Start of DATASET ENTRIES
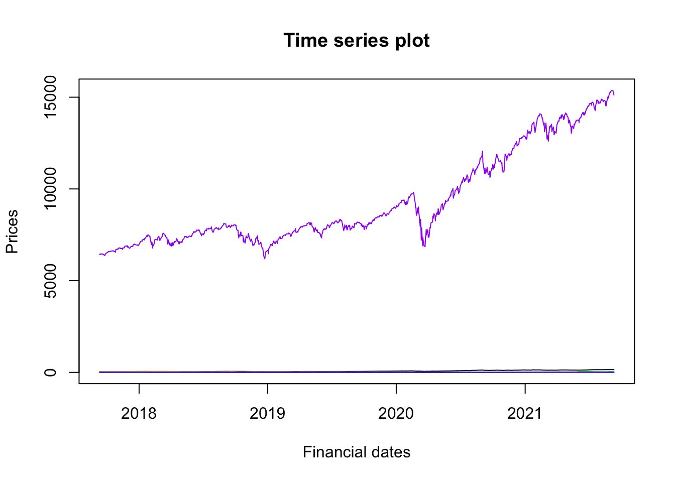 The following code is used to import the data available in the Adjcloseprices.csv file. The output is an object named fdata:
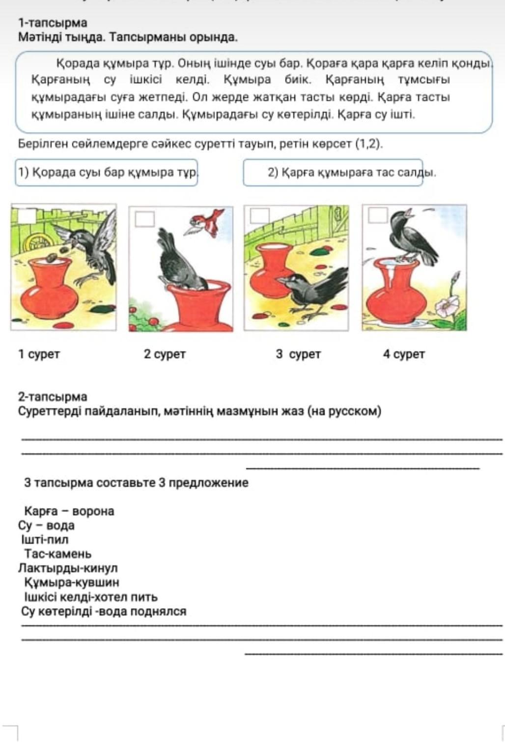 Қарға су ішкісі келді. Ол су ішу үшін құмыраға тас салып суды кобейтіп ішті.
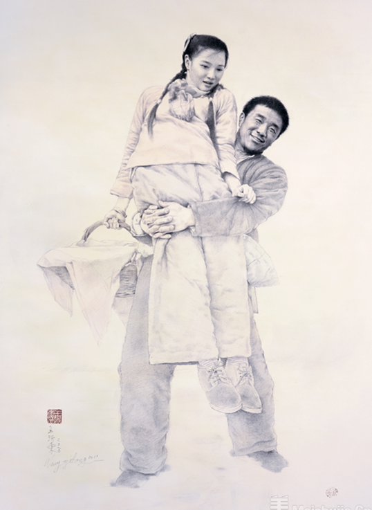 这种哲学也贯穿于其创作态度中。他强调,素描训练的本质是培养“观察世界的眼睛”。从衣纹褶皱的取舍到人物神态的提炼,每一次落笔都是对现实的再创造。“若对造型研究不足,油画创作便会暴露短板。”他临摹赫尔拜因的精准线条、安格尔的优雅简淡,从中领悟“以线塑形”的智慧,最终将大师经验融入个人语言,形成兼具写实性与诗意的风格。
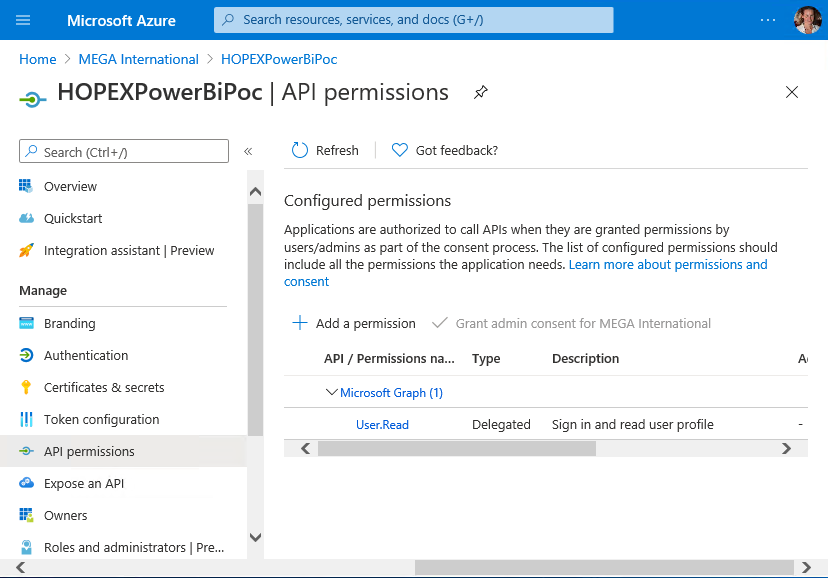 a) In the Name field, enter a name: HOPEXPowerBiPoc.
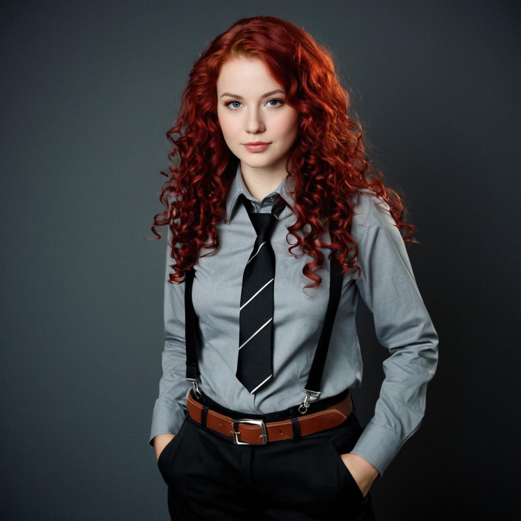 Reno halloween costume,1girl, solo, long hair, red hair, pants, shirt, suspenders, black pants, belt, looking at viewer, necktie, curly hair, closed mouth, long sleeves, black shirt, grey eyes, collared shirt, standing
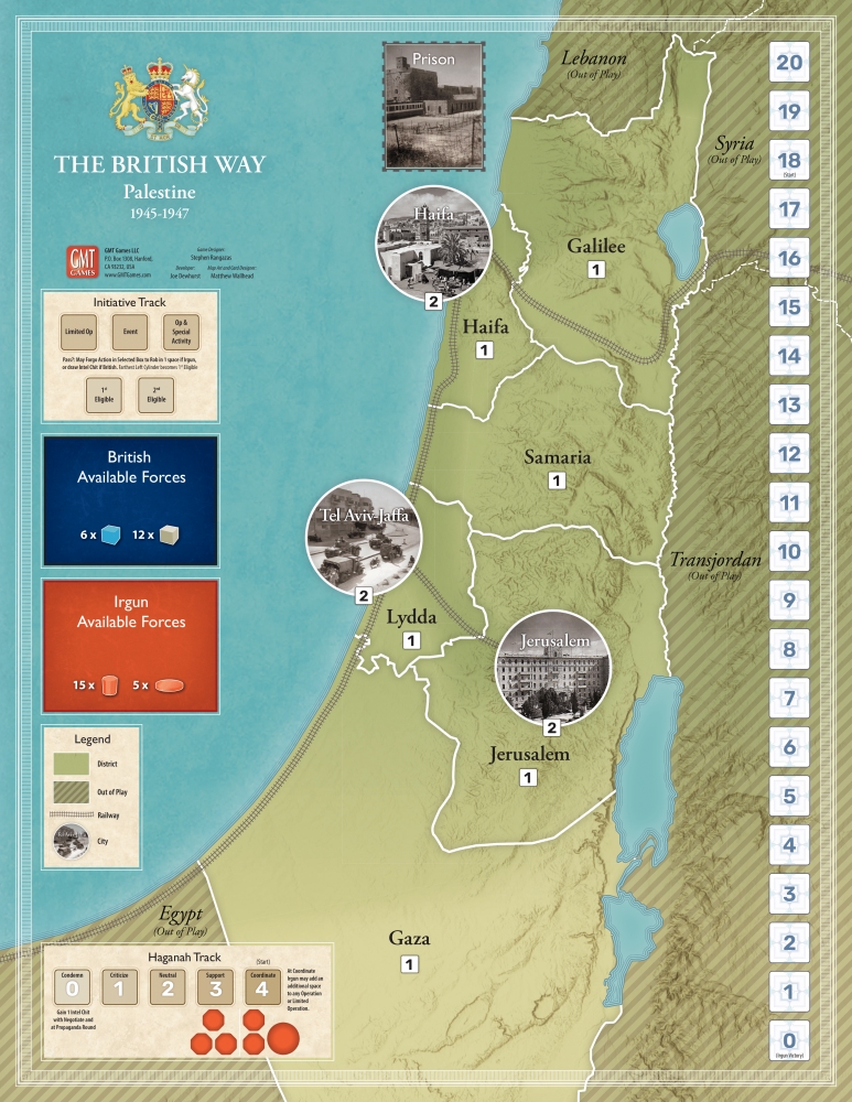 De même, pendant la campagne de Palestine (1945-1947), le joueur britannique devra faire face aux groupes de résistance juifs Irgun et Lehi qui lancent des sabotages et des attaques terroristes dans toute la Palestine mandataire, tout en risquant les critiques des États-Unis et d'autres observateurs internationaux si leur réponse est trop musclée. La voie britannique : Palestine développe davantage les nouveaux mécanismes de lutte contre le terrorisme introduits à Chypre, tout en incluant des systèmes de jeu uniques pour modéliser l'utilisation par les Britanniques de l'outil contondant qu'est la détention de masse, la coopération changeante de la Haganah (la branche armée de l'Agence juive) et les attaques terroristes de grande envergure telles que l'attentat à la bombe de l'hôtel King David.
End of DATASET ENTRIES
* WHAT TO PRODUCE *
Exact copy, pictures excluded: from the line with "这种哲学也贯穿于其创作态度中" up to and including the line with "a) In the Name" in the data above.

* REPLY TO THE EXERCISE *
 这种哲学也贯穿于其创作态度中。他强调,素描训练的本质是培养“观察世界的眼睛”。从衣纹褶皱的取舍到人物神态的提炼,每一次落笔都是对现实的再创造。“若对造型研究不足,油画创作便会暴露短板。”他临摹赫尔拜因的精准线条、安格尔的优雅简淡,从中领悟“以线塑形”的智慧,最终将大师经验融入个人语言,形成兼具写实性与诗意的风格。
 a) In the Name field, enter a name: HOPEXPowerBiPoc.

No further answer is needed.